American business culture is certainly different from what I was used to in Slovakia. My feeling is that it is, in a sense, more aggressive and more competitive yet also friendlier and more collaborative. I know, it is hard to connect those two worlds together, but what I mean is that US business professionals are very much focused on their career development and the development of their business, working hard utilizing every opportunity that comes by. At the same time they are also laid back, friendly, open and cooperative in relationships with their subordinates or business partners. They make sure people on all levels of corporate hierarchy are competent, motivated and reward for their contribution to overall business success. This was the first impression I had when I started my internship and I pretty much still share the same opinion.

There are a number of things I have learned during my stay in the US. I intentionally did not say “during my internship stay” simply because I think the whole cultural experience outside of work has changed me a lot as well. From professional side I was able to acquire and/or improve my campaign planning, management, web analytics and website optimization skills. Additionally, ESET gave me the opportunity to participate on number of industry-leading conferences and even financed one semester of marketing studies at University of California San Diego.

Besides the improvement of my hard skills and professional qualification I feel that I got much better in number of soft skills as well. I have significantly improved my business English, networking capabilities and, what I consider the most important, also got better in understanding of American business environment. I have learned to think at scale and got the business drive essential for every start-up entrepreneur. Last but not least I have met many outstanding professionals and very friendly people at the same time, who have helped establish myself while in San Diego and continue helping me now in my business with U.S.-based organizations. 
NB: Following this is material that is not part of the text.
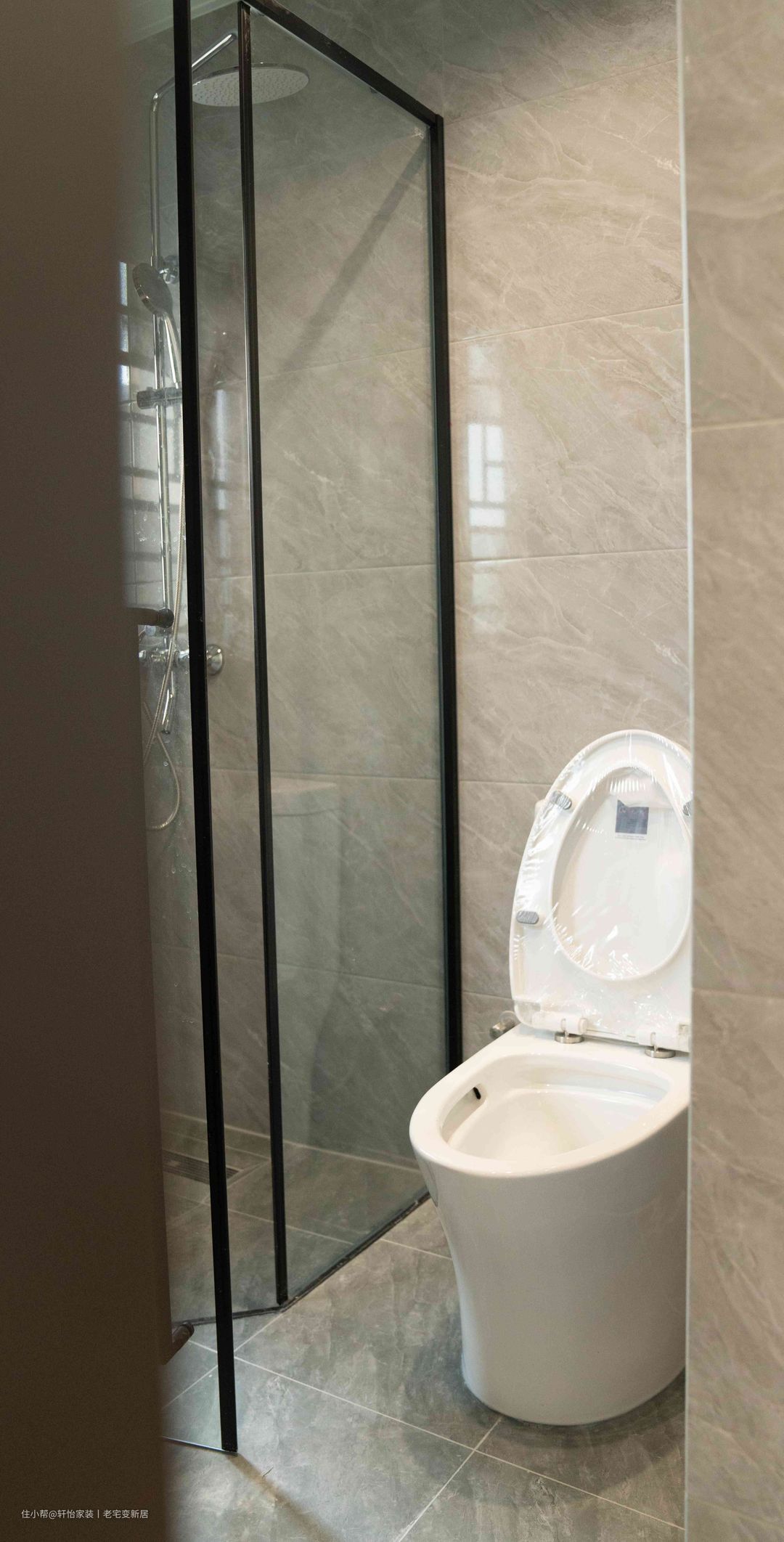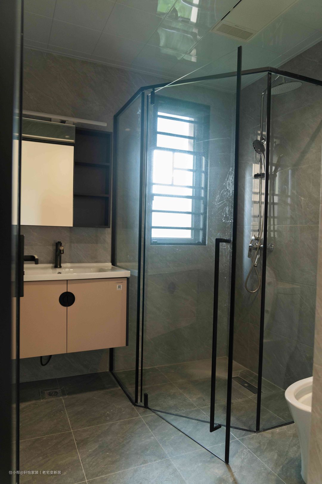L型布局+钻石淋浴房的黄金组合,让小方形空间也拥有干湿分离。淋浴房的外开式设计,保有内部使用宽敞,亦为意外铺垫一份安全。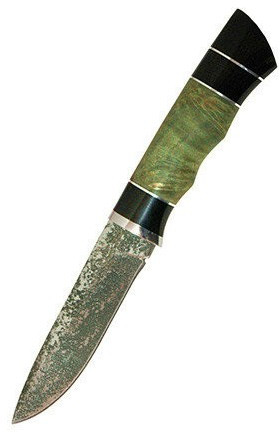 - Клинок имеет специальное травление под старину, рукоять наборная: стабилизированная карельская береза (этот материал обеспечивает особую прочность и плотность рукояти)

Exploring Google's Silicon Valley campus

During my internship in San Diego, besides managing online marketing campaigns for ESET, I had the opportunity to work with an amazing non-profit organization called Securing Our eCity (SOeC) Foundation. This organization primarily focuses on educating teenagers and senior citizens on the topic of online security. They asked me to help them out with setup and management of Google Ad Grant campaigns, text ads that appear in Google search results. This organization and many other US-based non-profit organizations were at that time receiving free advertising credit worth $10.000/month to showcase their cause online – and I did not even know such a thing existed.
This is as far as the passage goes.